After Justin Trudeau became prime minister, I predicted that our new PM’s “sunny ways” would affect Canada’s relationship with Israel.
I worried that Trudeau would return to the classic Liberal ways of pledging solidarity with Israel, but undermining that bond by resuming Canada’s no-questions-asked support of the United Nations despite its anti-Israel obsession.
And I feared that he would quickly back down from the courageous stand of his predecessor, Stephen Harper, who scaled down and then withdrew Canada’s funding of one of the most corrupt and misguided UN agencies, the United Nations Relief and Works Agency for Palestine Refugees in the Near East (UNRWA, pronounced “Un-rah”).
Sure enough, the Trudeau government resumed funding of UNRWA last fall to the tune of $25 million a year, with great fanfare about “enhanced due diligence” and a “robust oversight and reporting framework.”

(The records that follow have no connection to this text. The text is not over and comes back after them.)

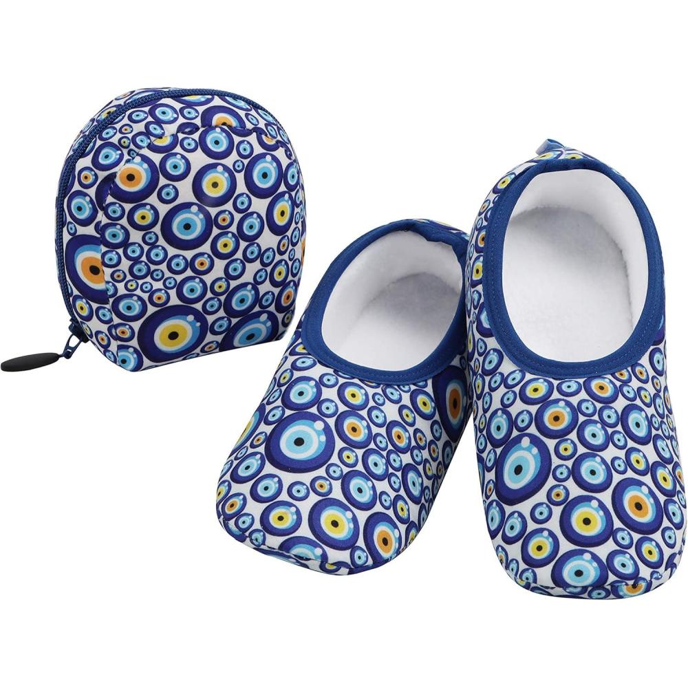 Snoozies Skinnies Womens Slipper Socks – Non-Slip Slippers with a Lightweight Sherpa Lining – Travel Slippers with Storage Pouch(Pdbfly)
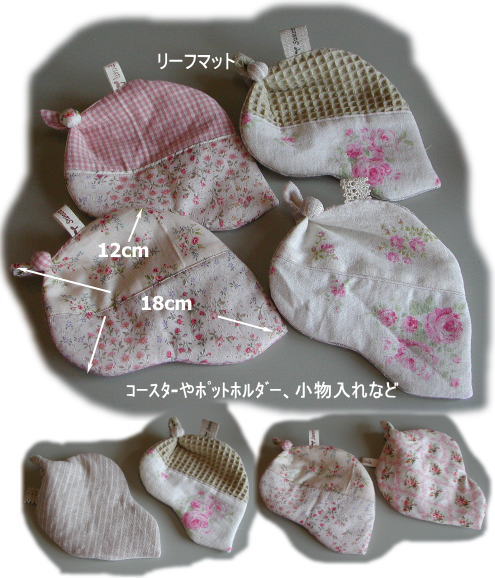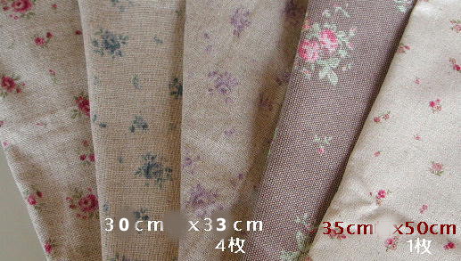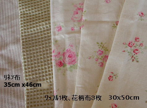 カットクロス5枚組 綿麻 Cut-6 ¥1180 リーフマットのレシピ付 キルト芯は入ってません. リネン布35x46cm 1枚 ワッフル布 30x54cm 1枚 綿麻洗い花柄布 30x54cm3枚 |
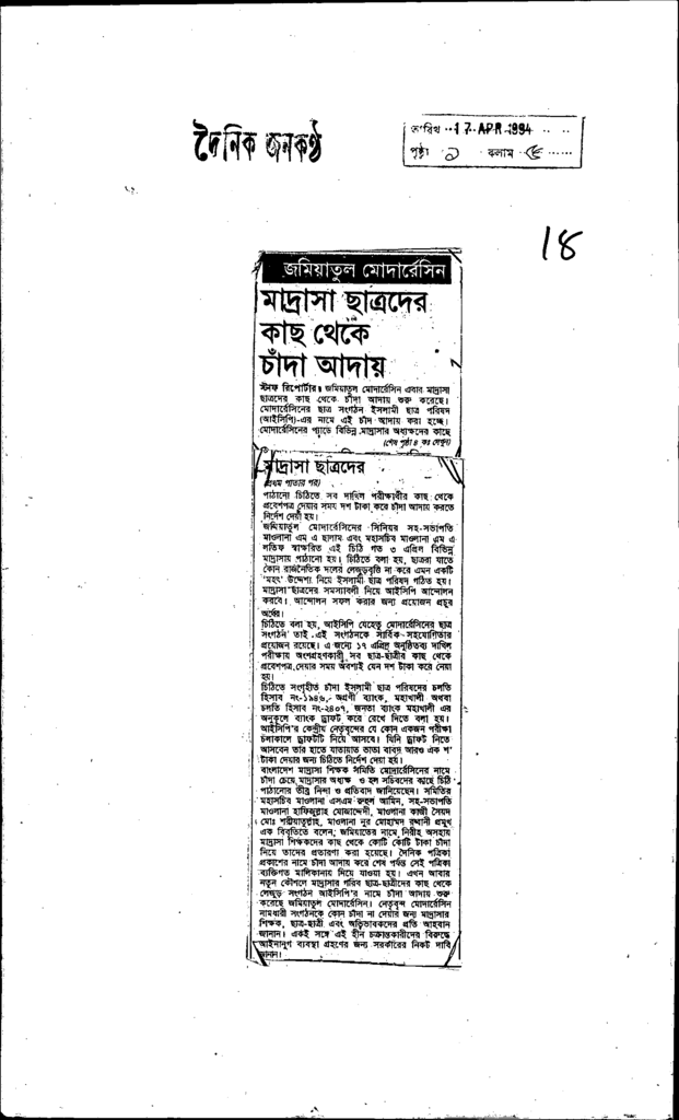 মাদ্রাসা চাত্রদের কাছ থেকে চাঁদা আদায়
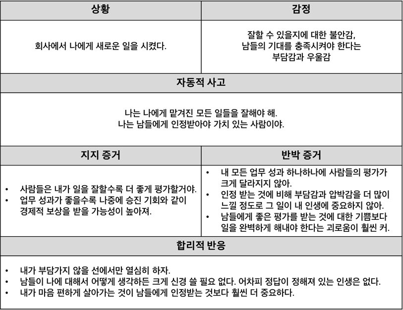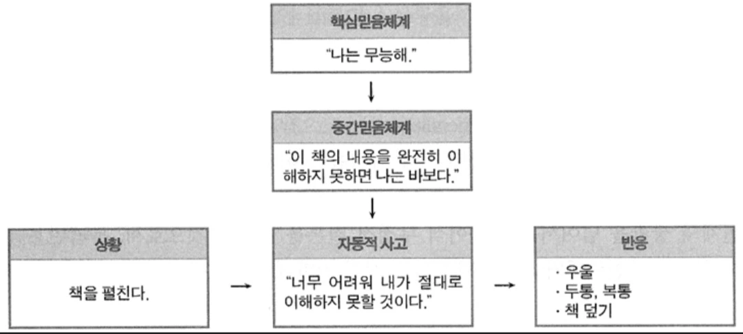 위 예시를 적용하면, 보통은 책을 펼친 다음 바로 우울해지는 것 같지만 사실은 우울해지는 이유는 책을 펼친 상황 때문이 아니라 책을 펼치면서 내가 갖고 있던 자동적 사고("나는 무능하니까 책의 내용을 이해하지 못할거야") 때문이라는 것이 발견되었다. 자동적 사고는 말 그대로 스쳐지나가는 생각이라 평소에는 의식하기 어렵지만 자동적 사고가 부정적이게 되면 심리적인 문제를 초래할 수 있어서 이를 제대로 인식하고 바로잡는 것이 중요하다고 했다.
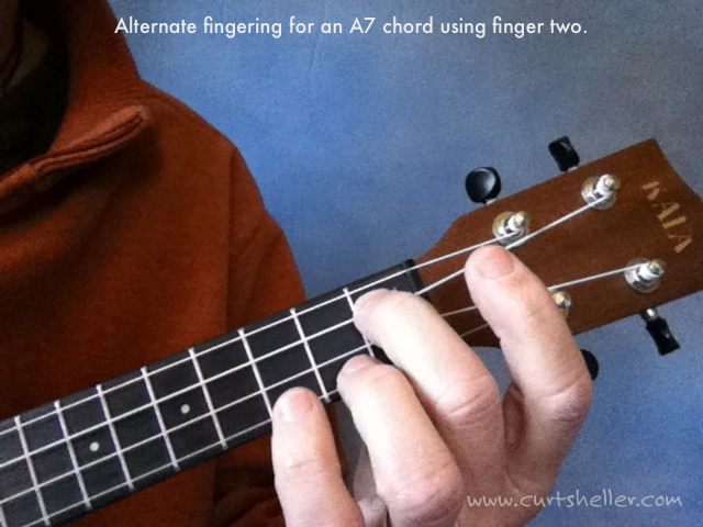 Here are a few alternate fingerings for today’s A7 chord depending on the context the chord is being used.
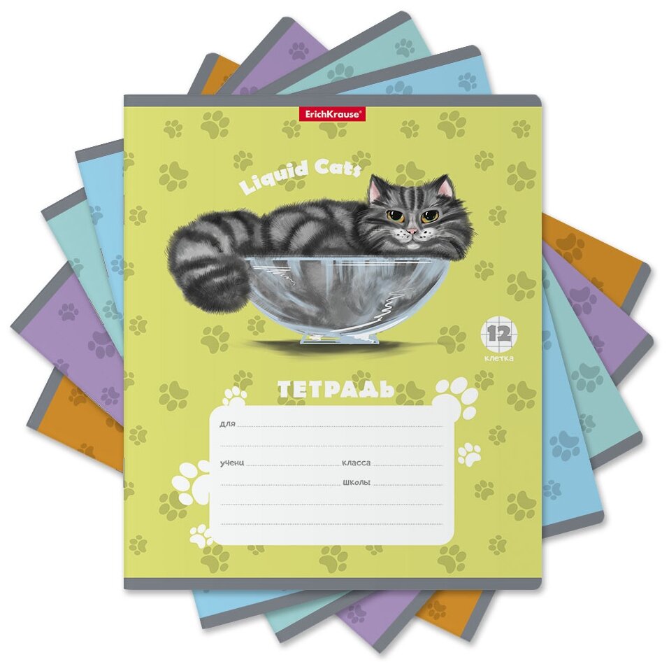 Тетрадь школьная ученическая Erich Krause Жидкие коты в клетку A5+ 12 листов в ассортименте
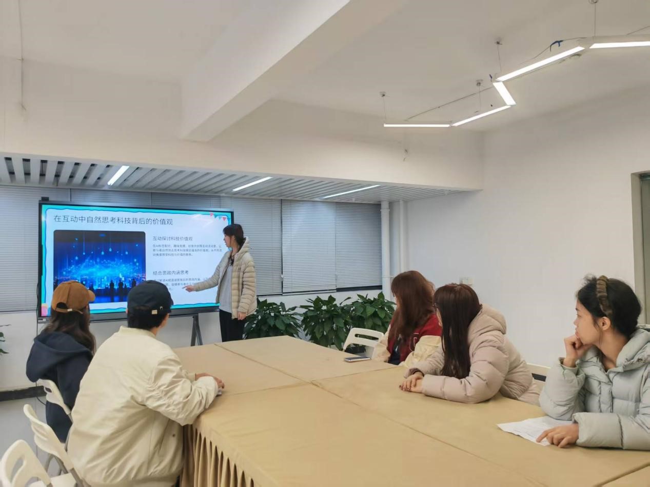 活动围绕 AI 时代的价值伦理与社会责任展开,设置多个趣味互动环节。同学们通过 “AI 标签配对” 快速组队,在 “思政贴点墙” 投票聚焦科技伦理与社会责任;“AI 成语谜图” 竞猜环节将传统文化与思想引领结合,在趣味答题中传承精神内核;核心创意环节里,各小组围绕 “AI + 思政” 开展头脑风暴,提出多个兼具人文关怀与实践价值的创意提案,为后续实践打下基础。
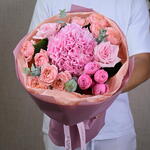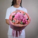 Ribbon - 1 pce wrapping paper - 4 pce pink hydrangea - 1 pce tissue - 2 pce eucalyptus leaves - 1 pce rose o'hara rose - 2 pce pivoine roses silva - 4 pce
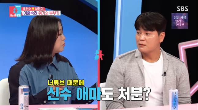 이날 게스트로 함께한 추신수는 아내 하원미가 '이혼숙려캠프'에 출연하고 싶다고 한 것을 언급하며, "유튜브나 방송에 욕심이 있는 건 알겠는데 굳이 나를 밟아가면서까지 할 필요는 없지 않냐"고 말했다.
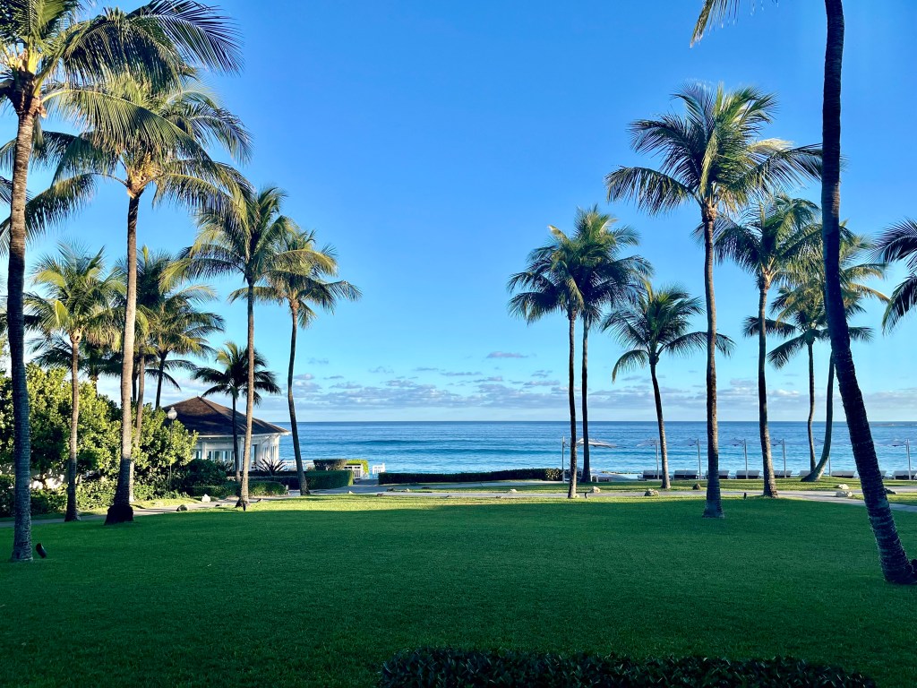Karen took a few amazing aerial views from the plane as we passed over on take off and on our Nassau approach. After a short flight from DCA to Nassau and an hour sitting on the tarmac waiting for a gate, our transportation from Cheryl’s Taxi and Tour greeted us after finding our way outside to the waiting spot. We were so very lucky they waited for us as the terminal posted we had arrived at a gate, when we did not. Our driver was none other than the owner of Cheryl’s Taxi and tours herself, Cheryl. A truly amazing woman who is a cancer survivor and small business survivor through the pandemic. Cheryl holds her staff to some high standards indeed. She regaled us with stories and points of interest as we drove to Ocean Club. Everyone knows Cheryl and is eager to assist her guests.
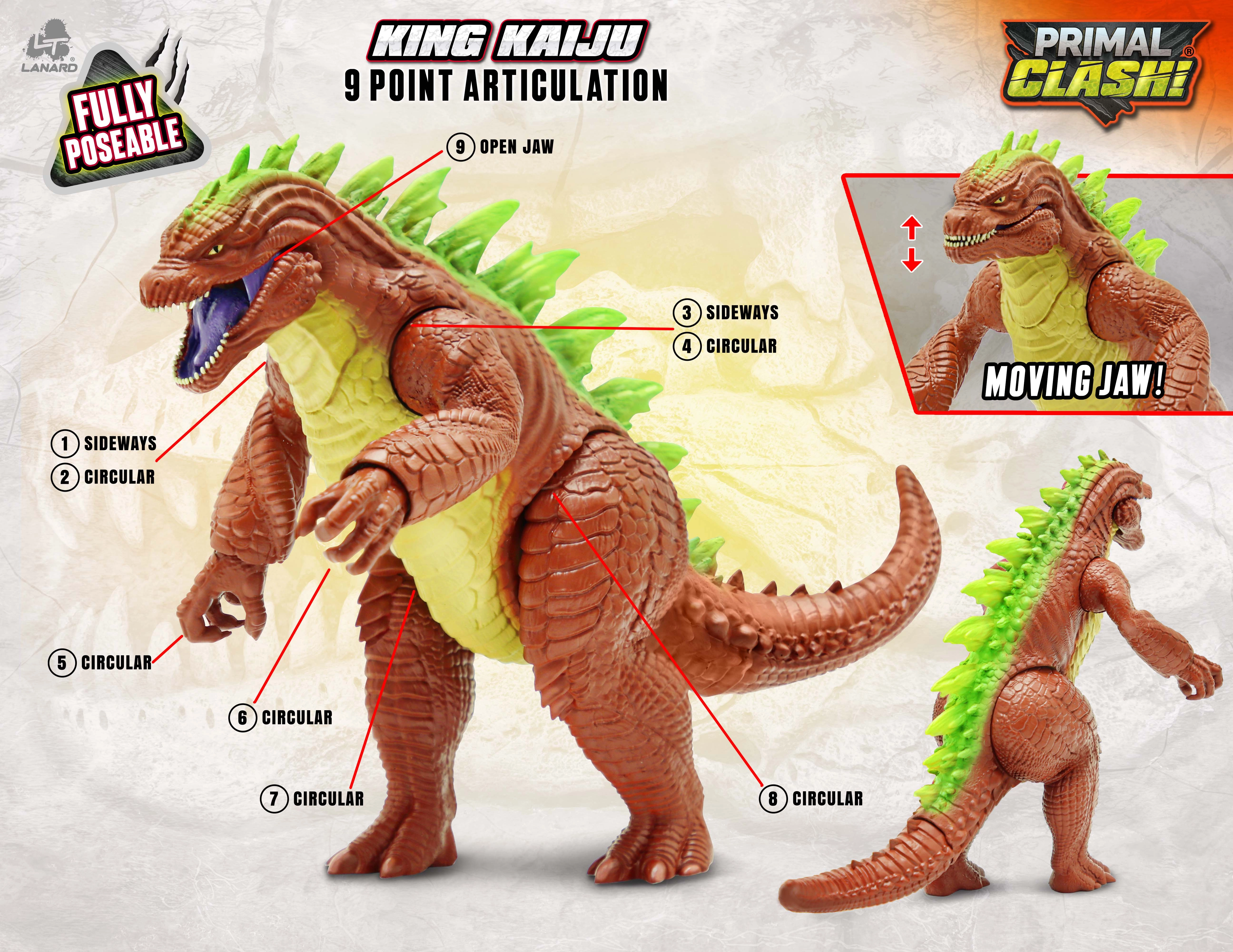 Lépjen be az óriásszörnyek világába a Primal Clash sorozat King Kaiju figurájával. Ez a részletgazdag játék/dekoráció 43 cm magas, figyelemfelkeltő dizájnnal, stabil kivitelben és könnyű összeszereléssel – a farkat egyszerűen csak fel kell pattintani.

But even after Geneva-based UN Watch issued a scathing report earlier this year, exposing 60 cases where UNRWA teachers, principals and other employees publicly endorsed anti-Israel terrorism or classical anti-Semitism, our PM insisted that it was better to keep an eye on UNRWA than to abandon it.
“We believe that constructive engagement on the world stage is what Canadians expect,” the prime minister said in question period in July.
“And our re-engagement with UNRWA is actually allowing us to hold to closer account the choices and the funding that are delivered through that mechanism.
“We know that Canadian pressure and Canada’s being part of UNRWA help us to ensure that the help is going where it’s needed and it’s not creating negative consequences for Israel or for anyone else.”
If only that were true.
There are two major issues with UNRWA. First is the agency’s failure to properly vet its employees for support of Hamas and other terrorist groups, and its insistence on using Palestinian schoolbooks that deny Israel’s right to exist, promote hatred of Jews and incite to violence.
It’s important that organizations like Palestinian Media Watch and UN Watch document these serious flaws in an organization that is supposed to be impartial.
But what is often ignored is the second major issue, which is that UNRWA should no longer exist.
UNRWA was established in 1949 to provide humanitarian aid to Arabs and Jews displaced by the 1948 Arab-Israeli War.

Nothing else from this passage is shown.